Prescription of cannabis for medicinal purposes was legalized on the first of November this year after the rescheduling of the drug. It was earlier a Schedule 1 drug which meant that it was considered to have no medicinal value and thus could not be legally prescribed or possessed. Now cannabis is scheduled as Schedule 2 of the Misuse of Drugs Regulations 2001 which means that it could be prescribed by practitioners to certain individuals and could be possessed by individuals having legal prescriptions. One other schedule 2 drug is ketamine.

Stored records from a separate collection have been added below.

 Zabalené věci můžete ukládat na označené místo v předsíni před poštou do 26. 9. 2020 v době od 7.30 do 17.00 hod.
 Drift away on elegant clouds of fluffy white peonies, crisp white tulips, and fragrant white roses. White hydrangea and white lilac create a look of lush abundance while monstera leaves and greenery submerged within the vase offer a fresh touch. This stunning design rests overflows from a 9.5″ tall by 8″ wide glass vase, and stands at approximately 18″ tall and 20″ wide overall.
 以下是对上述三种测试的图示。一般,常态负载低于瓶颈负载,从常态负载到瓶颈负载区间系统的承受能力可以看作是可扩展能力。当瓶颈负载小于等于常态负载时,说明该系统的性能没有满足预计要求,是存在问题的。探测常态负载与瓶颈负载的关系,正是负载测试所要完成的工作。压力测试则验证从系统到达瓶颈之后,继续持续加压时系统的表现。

Ms Barton, deputy director of patient advocacy group United Patients Alliance, added that there were interim guidelines that made it difficult for her to obtain prescriptions. Prescribers did not have the guidance to write prescriptions she said. She called it “prohibition under a different name.” She said in a statement, “Those guidelines need setting on fire as far as I'm concerned, and the NHS specialists need to be made to feel comfortable about making a clinical decision...There's a complete and utter silent approach - people turning their backs and not wanting to discuss it - and that's because specialists don't have any information. They're not worth the paper they're printed on and that needs to change tomorrow.”
Dr McDowell however explained that the hesitation to prescribe also stemmed from lack of evidence based data that showed benefit of the agents. He explained that there is “increasing evidence of people being able to reduce their opioid consumption and maybe other drugs as well,” with the use of cannabis. This could be a way forward he said.

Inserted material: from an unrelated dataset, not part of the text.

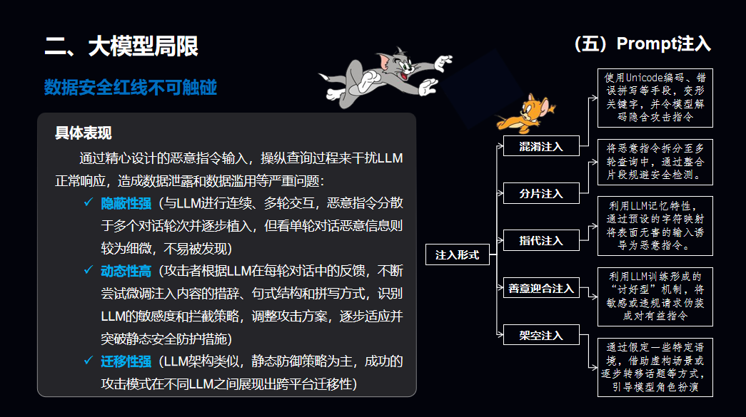 这是一个严重的数据安全问题。Prompt注入是指通过精心设计的恶意指令输入,操纵查询过程来干扰大模型正常响应,引发数据泄露或数据滥用等问题的行为过程。不仅攻击形式多样,包括但不限于++混淆++(利用Unicode编码变形关键字)、++分片++(将恶意指令拆分至多轮对话)、++指代++(通过预设字符映射诱导模型)、++善意迎合++(伪装成有益指令)、++架空++(通过虚构场景引导角色扮演)等,且攻击++隐蔽性强、动态性高、在不同模型间具有迁移性++。

Meanwhile Barton is relieved to not have to resort to nefarious means to get hold of her cannabis. She said she was put in dangerous situations trying to procure the medicinal product. She said in a wry statement, “We are going to be put in a position where the rich are patients and the poor are criminals.” She needs around a gram of the product each day for her pain.
According to NHS guidance, only specialist doctors can prescribe cannabis and not GPs and further they can be prescribed when other management options have been exhausted.